10. The controlling provision is FLA. STAT. § 627.736(5)(e)(5) which mandates that the original completed disclosure and acknowledgment form be furnished to the insurer pursuant to paragraph (4)(b). The unambiguous language of the statute clearly provides that providing the insurer with the original disclosure and acknowledgment form is mandatory to place the insurer on notice of the claim pursuant to FLA. STAT. § 627.736(4)(b), as a matter of law.

11. The Plaintiff’s interpretation of the statute would allow medical providers to avoid the requirements of providing the insurer with the original disclosure and acknowledgment form, which would render the provision useless. Courts must assume that statutory provisions are intended to have some useful purpose. Courts are not to presume that a given statute employs “useless language.” Johnson v. Feder, 485 So. 2d 409 (Fla. 1986).
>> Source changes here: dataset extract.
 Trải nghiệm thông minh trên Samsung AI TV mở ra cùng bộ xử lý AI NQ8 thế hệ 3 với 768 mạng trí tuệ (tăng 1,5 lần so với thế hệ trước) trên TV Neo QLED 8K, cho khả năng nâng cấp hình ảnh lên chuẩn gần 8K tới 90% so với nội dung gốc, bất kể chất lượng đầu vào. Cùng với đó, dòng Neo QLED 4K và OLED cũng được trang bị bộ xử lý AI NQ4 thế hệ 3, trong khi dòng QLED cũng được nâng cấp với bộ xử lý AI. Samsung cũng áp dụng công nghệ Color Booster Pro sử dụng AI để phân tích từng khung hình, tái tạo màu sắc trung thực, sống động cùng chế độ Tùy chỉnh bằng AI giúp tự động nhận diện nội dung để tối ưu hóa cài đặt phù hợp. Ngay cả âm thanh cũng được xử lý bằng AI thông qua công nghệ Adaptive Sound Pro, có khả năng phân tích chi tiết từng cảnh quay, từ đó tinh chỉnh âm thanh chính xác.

12. The Court acknowledges that it may seem unfair to the Plaintiff that its claim be denied because the medical provider failed to comply with the legislative requirements to make a claim for PIP benefits. However, the procedures and requirements set forth in the PIP statute is a matter of policy exclusively within the province of the Legislature who, as opposed to Courts, are not only equipped to deal with and weigh the relevant policy issues, but also to whom the legislative authority is accorded.

13. The Court finds that there is no prejudice to the Plaintiff, because where the medical provider has not complied with the legal requirements to submit the bill, neither the insurer, nor the insured are responsible for payment. FLA. STAT. § 627.736(5)(b)(1)(b).
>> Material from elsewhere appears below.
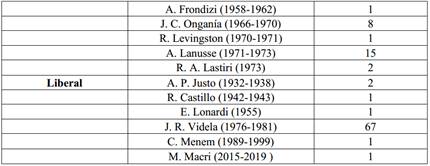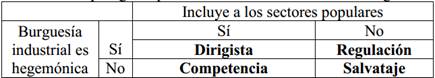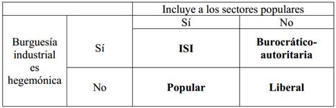 Siguiendo a Collier y Levitsky (1998) conceptualizó a cada coalición sectorial a partir de los atributos de mis dimensiones que se encuentren presentes. Si en la coalición están presentes las organizaciones de los sectores populares y la burguesía industrial, la misma es conceptualizada como “ISI” (Industrialización por Sustitución de Importaciones), siguiendo el concepto de “actores ISI internos” de Etchemendy (2015), con el que denomina al agrupamiento entre sindicatos e industriales protegidos por el Estado. Si en la coalición están presentes las organizaciones de los sectores populares, pero no la burguesía industrial, la misma es conceptualizada como “popular”, enfatizando solamente su carácter inclusivo. Si en la coalición están presentes los industriales, pero no los sectores populares, la misma es conceptualizada como “burocrática-autoritaria”, siguiendo el concepto de O’Donnell (1972, 1982), con el que denomina al régimen de exclusión autoritaria o desactivación de los sectores populares conducido por las burocracias de la industria y del Estado. Si en la coalición no están presentes ni los sectores populares ni la burguesía industrial, la misma es conceptualizada como “liberal”, en tanto que este concepto expresa con claridad la no-regulación (y también la des-regulación) de los mercados, y hace manifiesta la desvinculación del gobierno respecto de los sectores industriales y populares.

14. The original standard disclosure and acknowledgment form was not submitted to Defendant prior to the filing of this suit in violation of FLA. STAT. § 627.736(5)(e)(5). The Defendant was never placed on notice of the claim as a matter of law. FLA. STAT. § 627.736(4)(b). The disclosure and acknowledgment form requirements are mandatory and an integral part of the claim process. The statutory procedures for placing the Defendant on legal notice of the claim were not satisfied, and the claim was not lawfully presented to Defendant. The claim was never overdue, and is a legal nullity. Defendant’s Motion for Summary Disposition is granted as a matter of law.

IT IS HEREBY ADJUDGED that Plaintiff, Jason Martin, take nothing with regards to the claims in this action, and the Court retains jurisdiction for the purpose of determining any motion by Defendant to tax attorney’s fees and costs.